Demzufolge seien 2019 insgesamt 72 Polizeivollzugsbeamte Opfer von Tötungsdelikten geworden – wobei es sich “bei allen Delikten um Versuche” gehandelt habe. Im Zuständigkeitsbereich der Bundespolizei seien im Jahr 2017 drei Personen durch Schusswaffengebrauch verletzt worden.
Zugleich heißt es in der Antwort: “Eine systematische Registrierung und Auswertung von Berichten über mutmaßliche rechtswidrige Polizeigewalt findet nicht statt.” Eine Beantwortung von Mihalic' Frage “wäre mithin nur durch eine händische Auswertung möglich”. Diese sei aus personellen Gründen nicht machbar.
Anzeigen zum Teil erfasst
Teilweise erfasst sind Anzeigen wegen rechtswidriger Polizeigewalt. Beim Bundeskriminalamt war die Zahl dieser Anzeigen von 2017 bis 2019 laut Antwort gleich null. Die Zollverwaltung zählte in demselben Zeitraum sechs Anzeigen. Die Bundespolizei erfasst gegen ihre Beamten erstattete Strafanzeigen im Allgemeinen, aber keine Anzeigen wegen rechtswidriger Gewalt im Besonderen.
Auf die Frage der Grünen-Politikerin, wie viele Fälle von polizeilichem Fehlverhalten gegenüber Bürgerinnen und Bürgern in den vergangenen drei Jahren bei den Polizeibehörden des Bundes intern gemeldet worden seien und wie damit umgegangen worden sei, schreibt das Ministerium: “Der Bundesregierung liegen keine Erkenntnisse im Sinne der Fragestellung vor.”

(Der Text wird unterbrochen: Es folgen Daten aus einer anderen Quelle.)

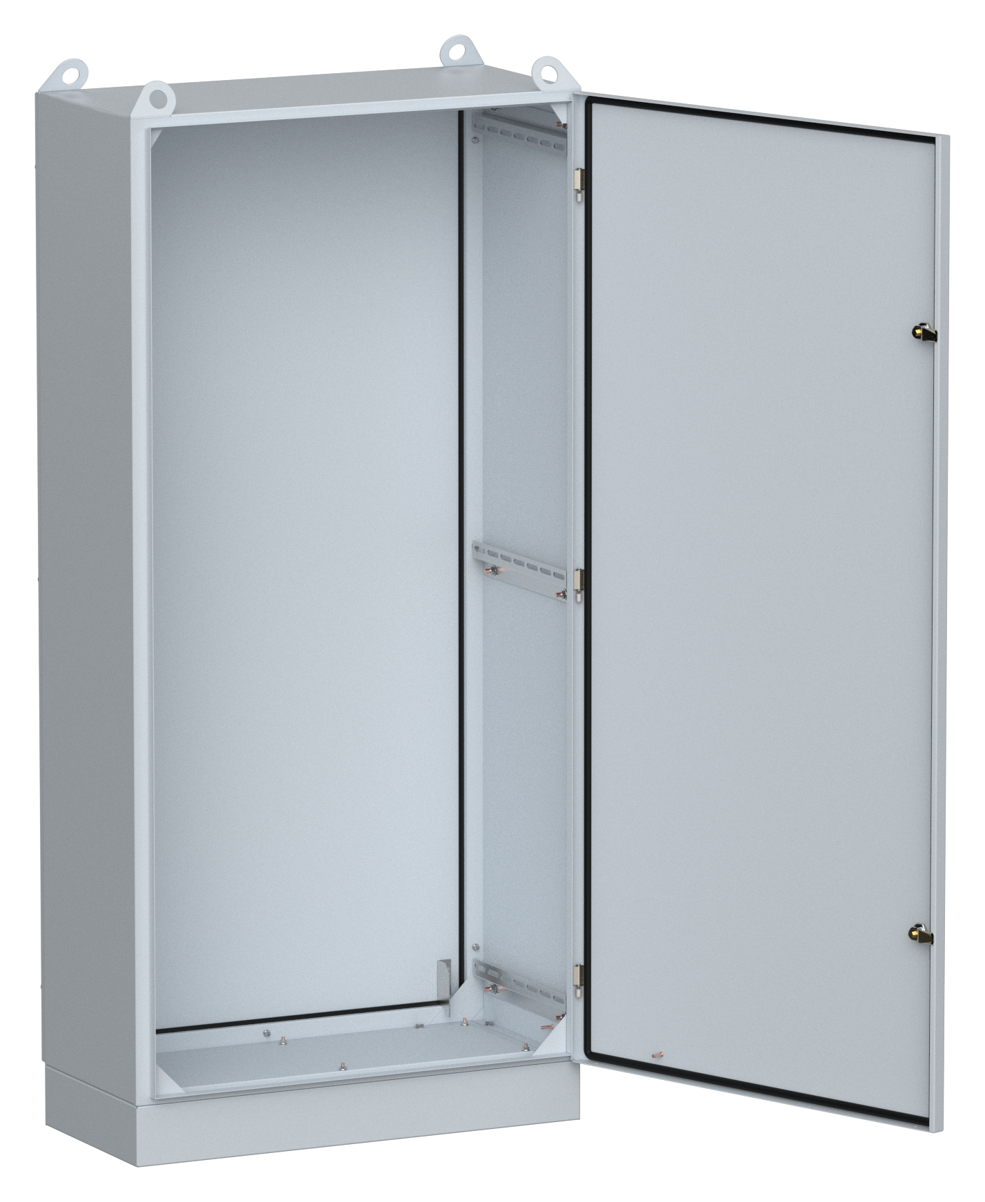 Преимущества: Полиуретановый уплотнитель по периметру двери для защиты от попадания влаги. Широкий выбор аксессуаров для различных вариаций сборок (монтажные панели разной высоты, уголки, планки). Провод заземления и знаки электробезопасности входят в базовую комплектацию корпуса. Съемная задняя стенка обеспечивает простоту сборки, доступ к оборудованию и возможность двустороннего обслуживания. Конструкция включает транспортировочные проушины и цоколь 100 мм.

Mihalic: Erschreckend, dass die Bundesregierung so wenig Interesse zeigt
Mihalic sagte dem RND: “Es ist erschreckend, dass die Bundesregierung so wenig Interesse zeigt, sich über solche Fälle genauer zu informieren – schließlich ist die Polizei Trägerin des Gewaltmonopols und hat eine besondere gesellschaftliche Aufgabe. Da reicht es nicht, sich nur um die Fälle zu kümmern, die öffentliche Aufmerksamkeit erregen.”
Obwohl die Bundesregierung um die Brisanz des Themas rechtswidriger Polizeigewalt wisse, habe sie es bisher versäumt, sich angemessen mit dem Thema zu beschäftigen. Keines der zur Verfügung stehenden Instrumente werde systematisch genutzt, und ein inhaltlich fachlicher Austausch beispielsweise mit Wissenschaftlerinnen und Wissenschaftlern finde schon gar nicht statt.
Der Bochumer Kriminologe Tobias Singelnstein kam 2019 in einer Studie zu dem Ergebnis, dass es mindestens fünfmal mehr Verdachtsfälle von Polizeigewalt gebe, als in der Statistik aufgeführt würden. 2018 schlossen die Staatsanwaltschaften ihm zufolge gut 2000 Verfahren ab, 93 Prozent wurden eingestellt.